У меня тревожное расстройство?
Я взялся писать эту книгу в соавторстве с доктором МакДонахом во многом потому, что в подростковом возрасте сам столкнулся с тревожностью. Хотя я всегда был завзятым спортсменом и участвовал в соревнованиях, в быту мне не везло. Видимо, потому, что мой беспокойный ум всегда был чем-то занят (но только не тем, чем в это время был занят я). Все началось еще в детстве с целого ряда неудач:
• Я сломал челюсть, пытаясь удержаться на большом пластиковом мяче, чтобы произвести впечатление на свою немецкую овчарку.
• Я отравился таблетками для посудомоечной машины, которые нашел под раковиной в кухне.
• Меня ударило током, когда я гостил у друга на ранчо и в сильный ливень упал на электрическое ограждение.
• В четвертом классе я сломал левую руку и получил сотрясение мозга – всего за одну перемену.
• Совсем недавно я сломал левую ногу, пытаясь сделать сальто в мелкой части бассейна, и повредил барабанную перепонку, занимаясь дайвингом в Монтерее.
Большинство полученных мной порезов, переломов, ссадин и ушибов прямо связаны с моими тревогами. С детства меня прозвали человеком-катастрофой из-за способности притягивать бедствия. Мной управляла тревога. Необходимость выбрать что-то серьезнее, чем хлеб для бутерброда, парализовывала меня. Даже в спорте и на отдыхе я позволял страхам и тревогам сбивать мою концентрацию и уверенность в себе, что регулярно приводило к травмам. Однажды в субботу я ехал с холма на горном велосипеде и увидел глубокую борозду, которая шла параллельно тропинке. Я испугался, что могу угодить в нее передним колесом и перевернуться, – вполне обоснованный страх. Но я так загляделся, что переднее колесо, конечно же, въехало прямо в нее. Я немедленно попытался вырулить на тропинку, но колесо завязло, и велосипед сделал сальто вперед – вместе со мной. Если бы я смотрел на широкую тропинку прямо перед собой, все закончилось бы хорошо. Я сам создал ситуацию, которой больше всего боялся, позволив страху управлять собой.

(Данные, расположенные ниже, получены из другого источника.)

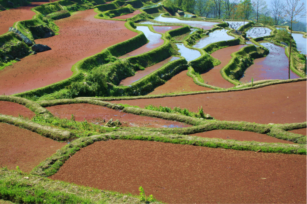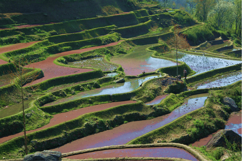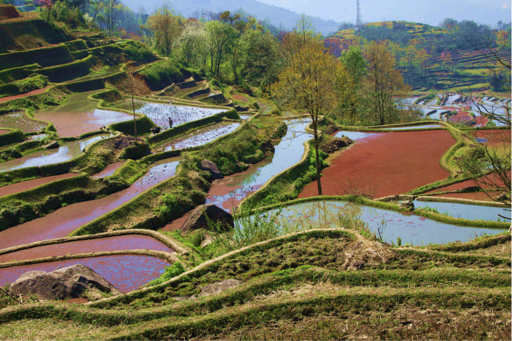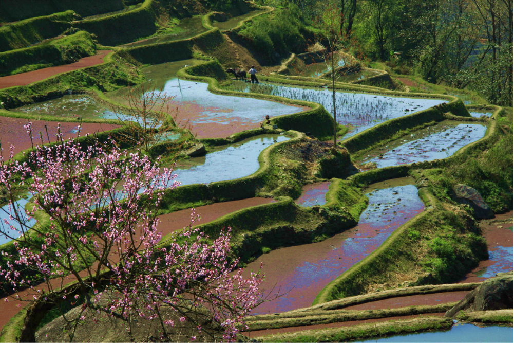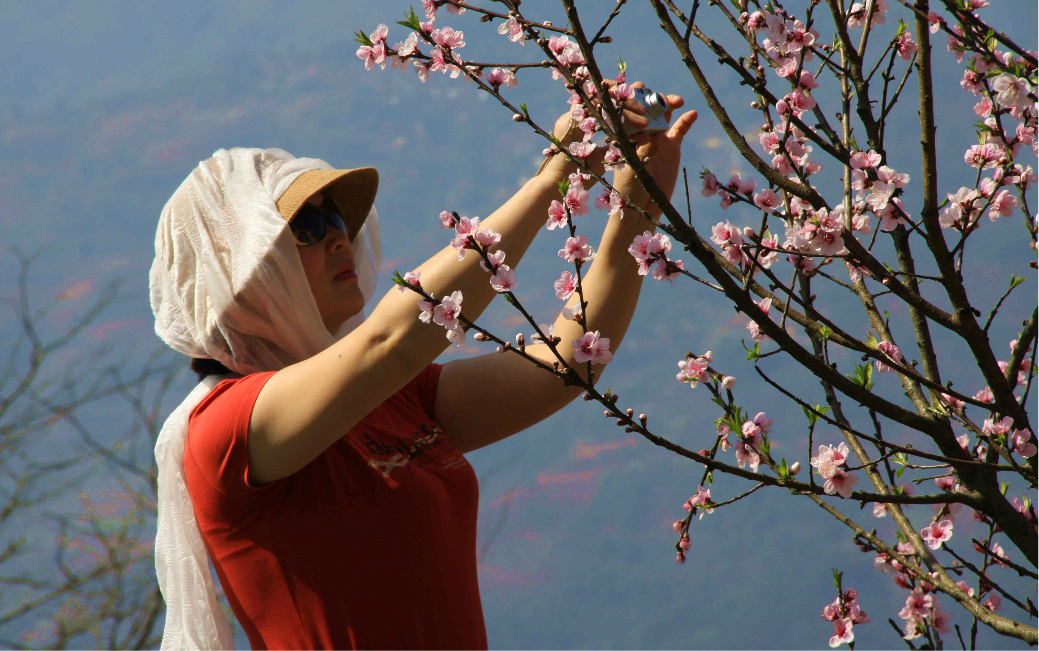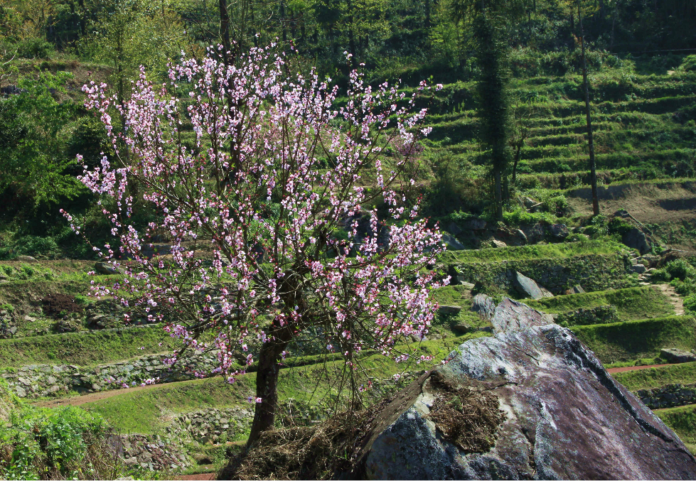 下午2:00,再出发,到龙树坝。这里的水田中,多了一些彩色的浮萍。艳丽的梯田,好早开的桃花,留影的游人,躬耕的老农,好一幅躬耕春游图。
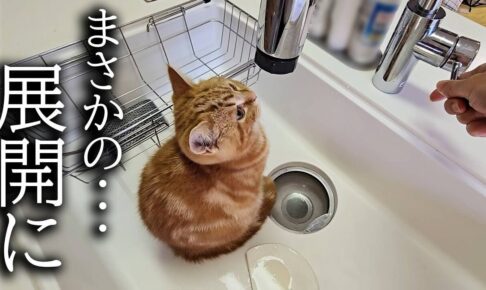 茶太郎は、なんとキッチンのシンクのなかに入り込んで蛇口からの水を浴びながらもへっちゃらで排水口に見入っているのでした。
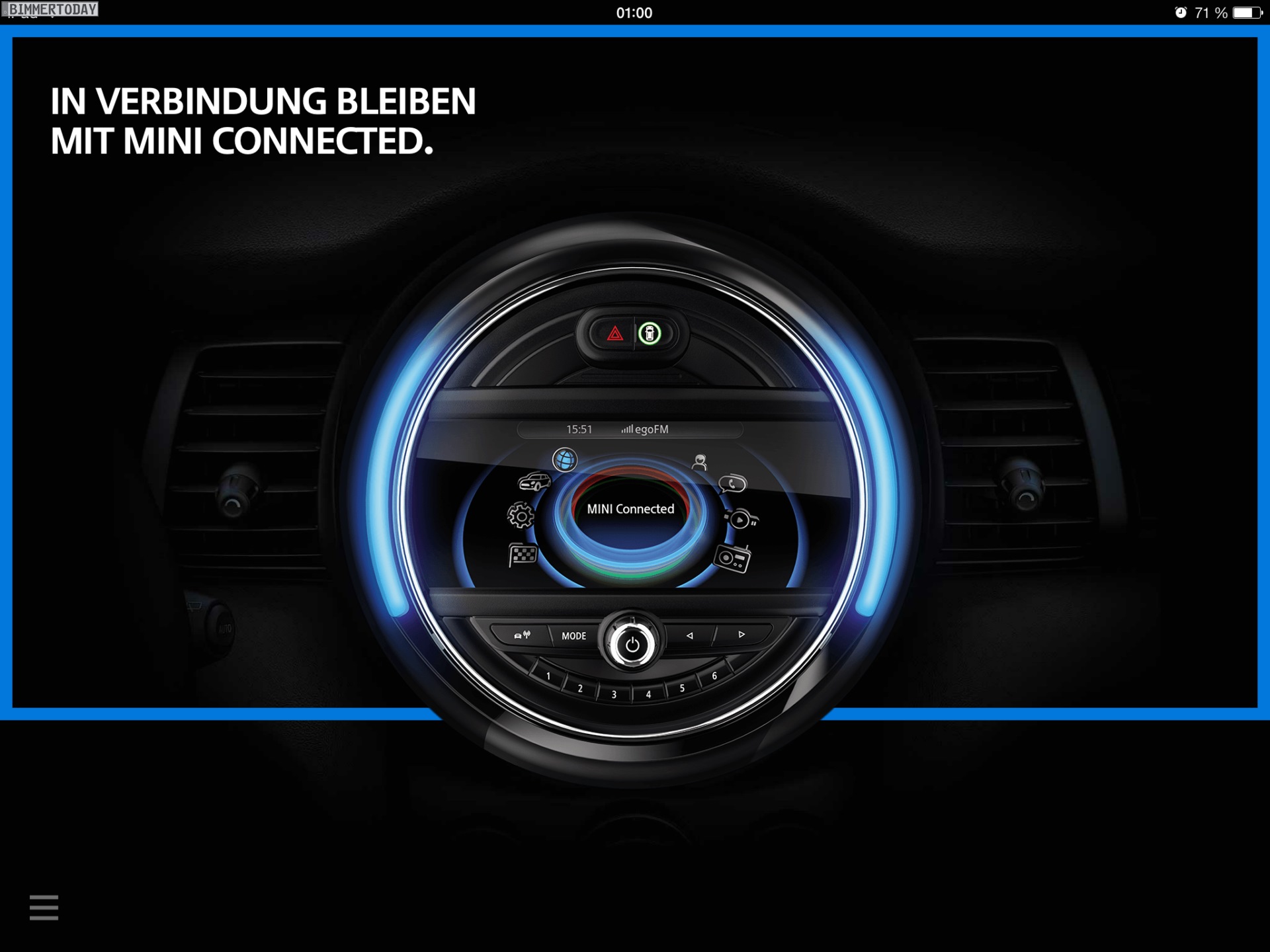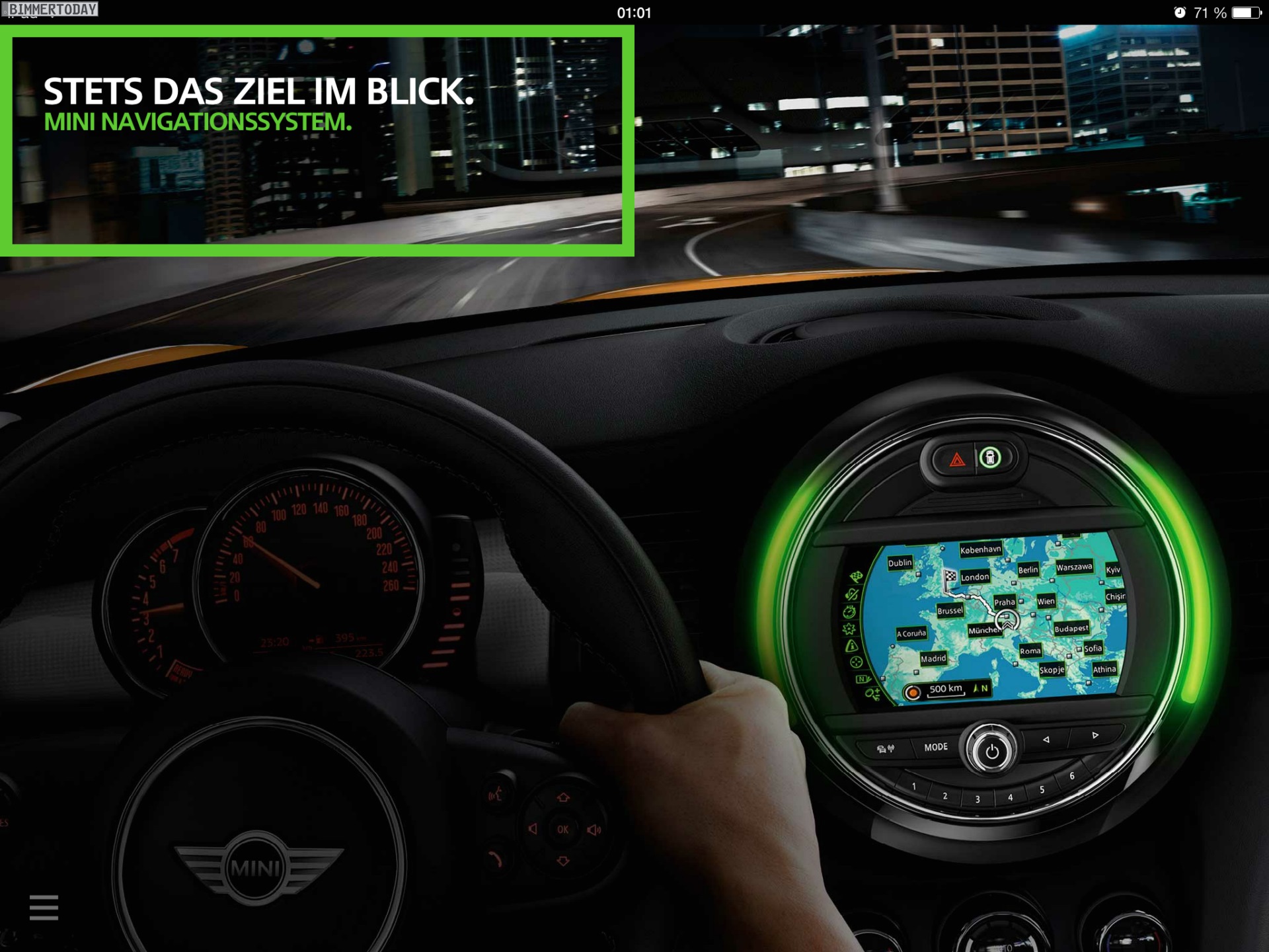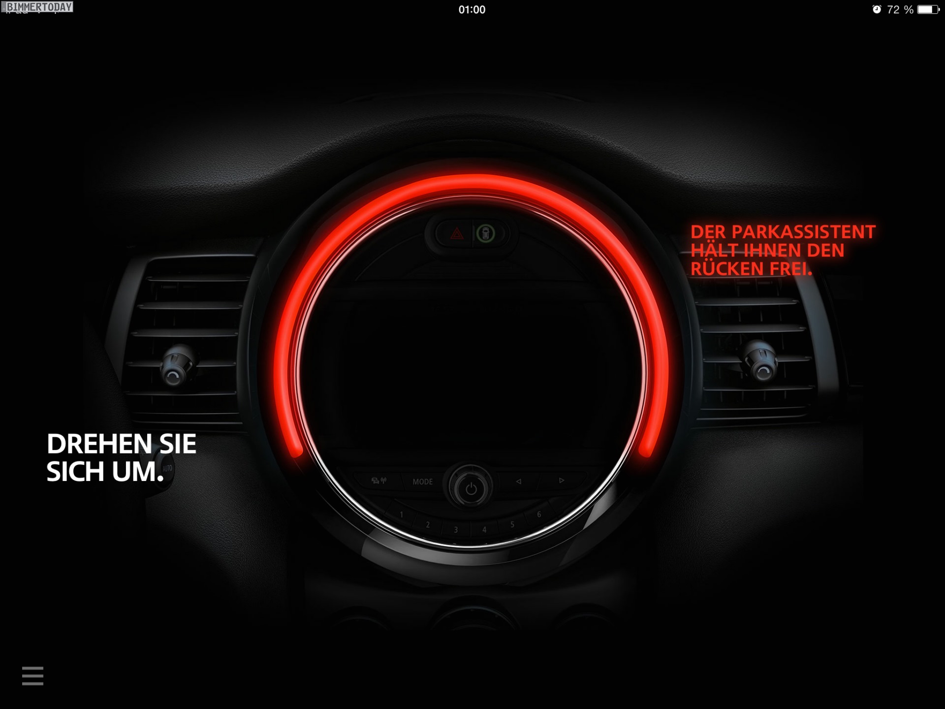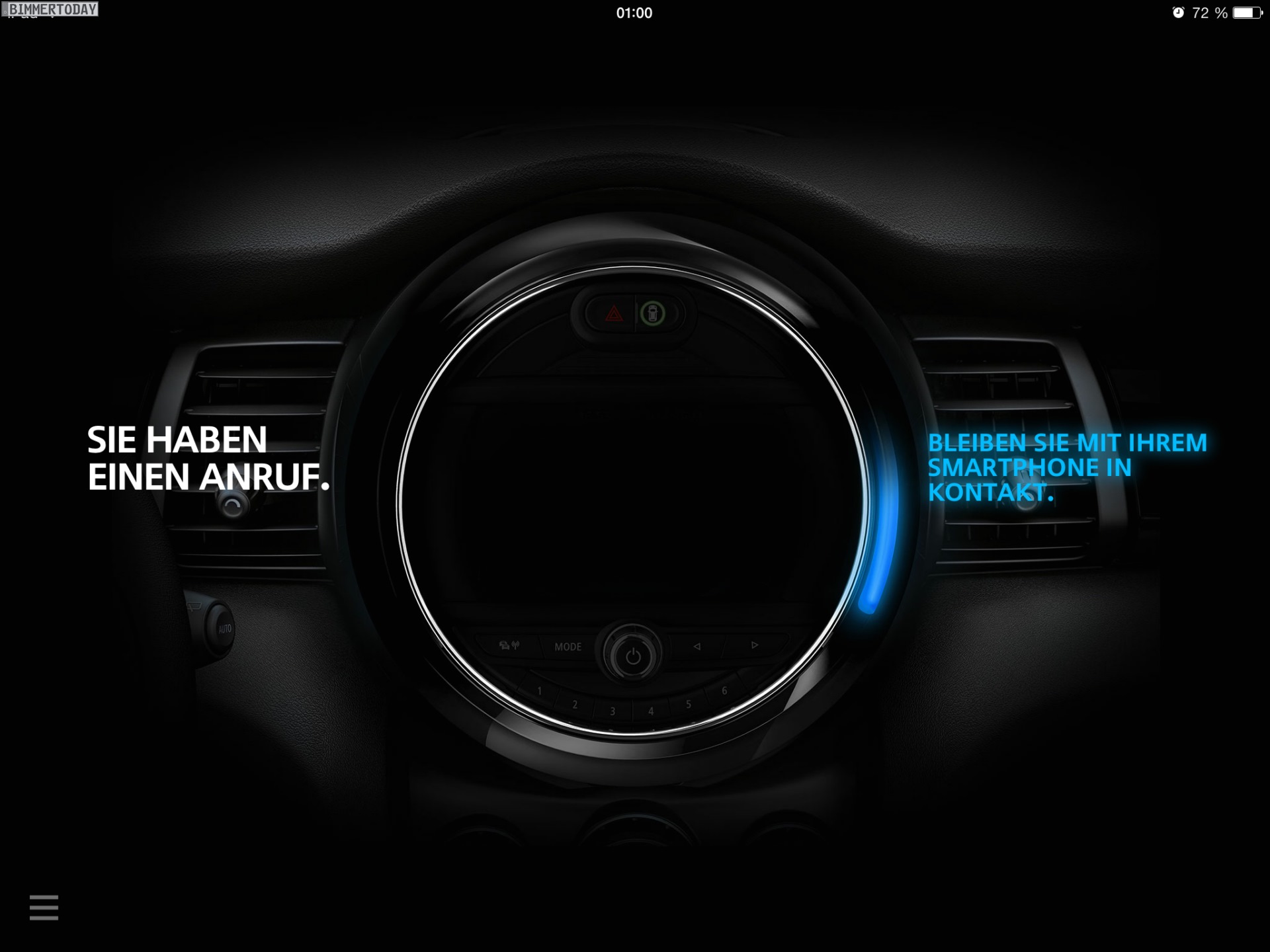 Detaillierter als auf der normalen Website zeigt sich der MINI F56 in der eigens für ihn erstellten App, die sich speziell an die Besitzer von Tablets richtet. Einer unserer Leser hat uns mit Screenshots versorgt, die einige Seiten der iPad App zum MINI F56 zeigen und dabei die farbige LED-Technik rund um das zentrale Infotainment-Display in den Fokus rücken.
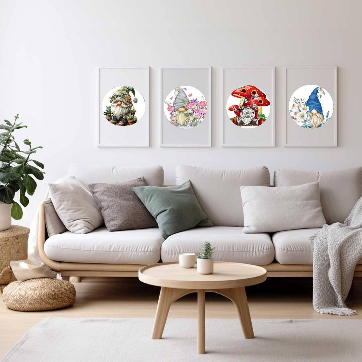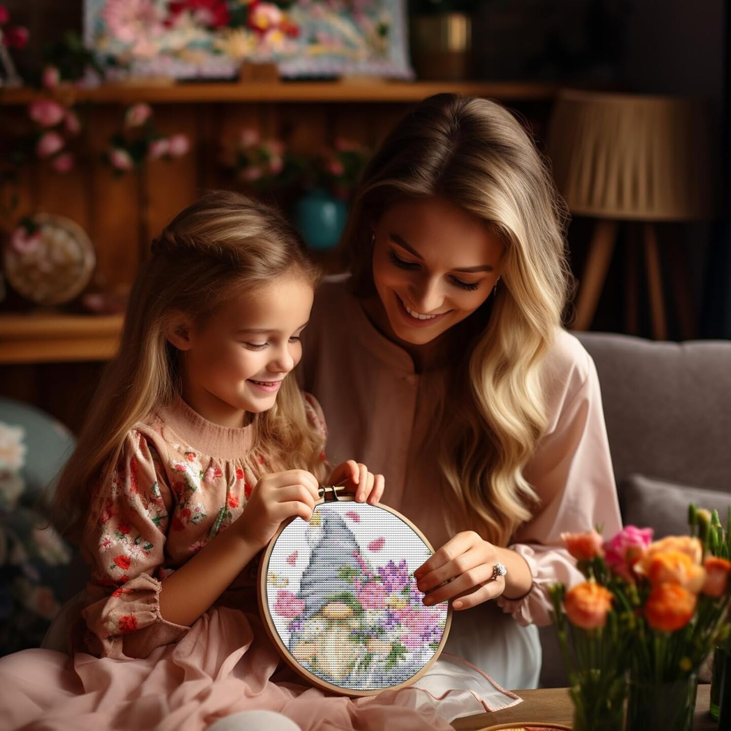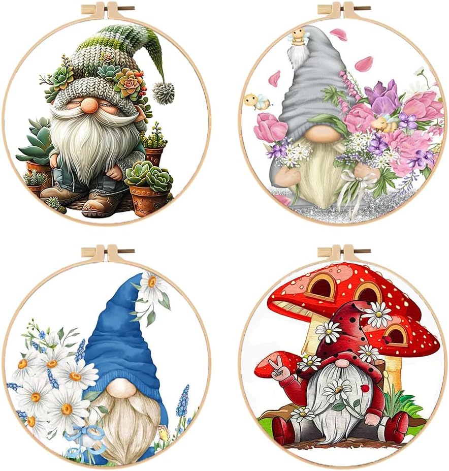 4 Pack Stamped Cross Stitch Kits for Adults with Frame - Gnome Flower Embroidery Kits for Beginners Adults
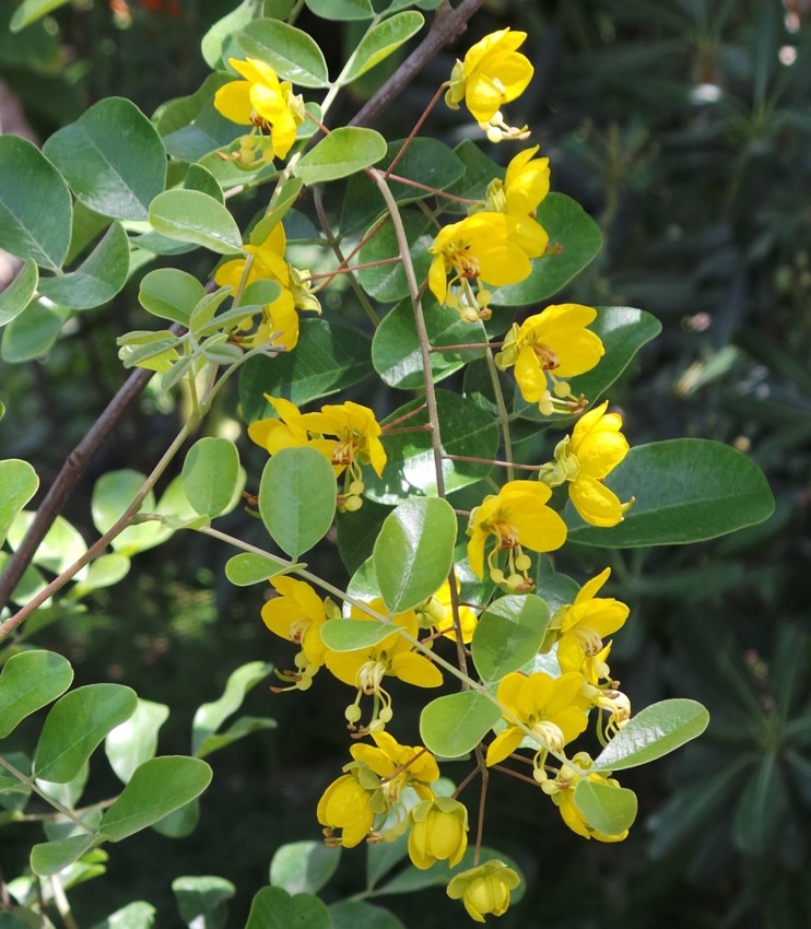 Shrub or small tree up to 12 m tall leaves compound, 2-6 pairs of leaflets, about 45 cm long flowers very decorative spikes of hanging yellow to red
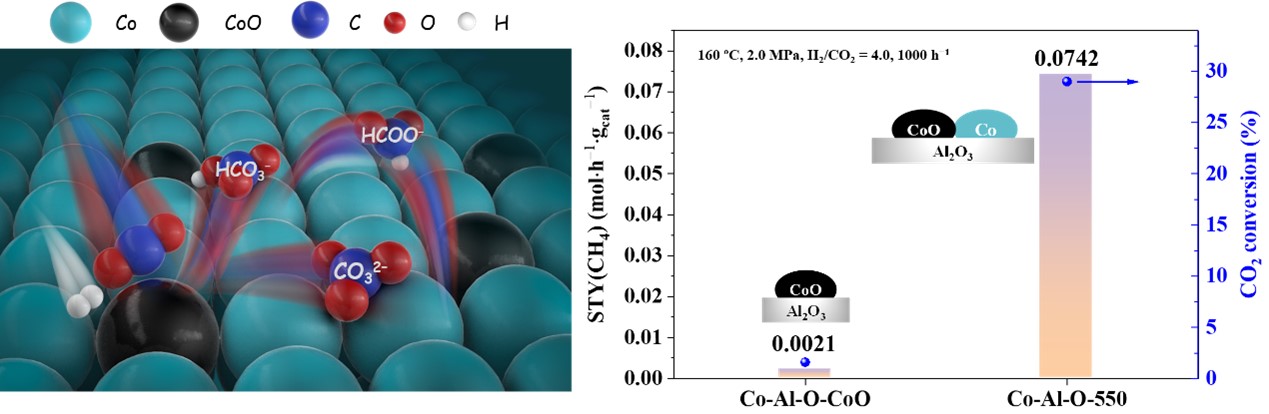 CO2甲烷化是典型的放热、低温有利的反应,但低温下反应受动力学限制,研发性能优异的低温CO2甲烷化催化剂一直是一个挑战。研究团队通过调控CoAlO催化剂中不同Co物种比例,实现了低温高效转化,研究并揭示了催化活性与Co物种的构效关系与反应路径。在160⁰C下,CO2转化率达29.0%,甲烷空时产率达0.0742 molCH4·h−1·gcat−1,具有优异的低温CO2甲烷化性能。

Тревога делает нас особенными. В плохом смысле этого слова. В прошлом я удивлялся тому, что никто больше, казалось, не испытывает таких сложностей, как я. И было не важно, какой диагноз мне ставили, потому что мои переживания от этого не менялись. Приступы тревоги нападали на меня и в школе, и в Малой бейсбольной лиге, где я играл. Я считал их чем-то вроде своих персональных закидонов. Я думал, что однажды просто перерасту их. Я еще не разобрался в себе по-настоящему, и мне казалось, что я устроен не так, как другие. Только моими суперспособностями были не невидимость или умение проглотить огромную пиццу за один присест, а чрезмерная настороженность и социальная неприспособленность.
Мало того что я сам не понимал, что со мной происходит, так еще и расспросы окружающих заставляли меня сомневаться в себе. К счастью, мне не удалось долго скрывать свои неврозы от родителей, ведь они для того и нужны, чтобы обращать на своего ребенка внимание и все такое. Они начали расспрашивать меня, что я думаю и чувствую. Мои ответы удивили и испугали их, и они догадались найти мне психотерапевта. В детстве я считал терапию крутой штукой: я на 50 минут приходил в комнату, полную классных игрушек, и получал их в свое распоряжение. Моим родителям было не так весело, потому что игрушек им не доставалось, а вот сеансы оплачивать приходилось. Я думаю, что больше людей обращались бы за помощью к специалистам, если бы и для взрослых существовала игровая форма психотерапии. Они могли бы играть в виртуальный футбол, онлайн-покер или дженгу. У того психотерапевта, к которой я хожу сегодня, игр нет (а ведь она могла хотя бы завести настольную коробку с песком и грабельками или лавовую лампу!). Но это заставляет меня говорить, взаимодействовать с терапевтом и определять свои эмоции, не отвлекаясь, что приносит мне очень много пользы.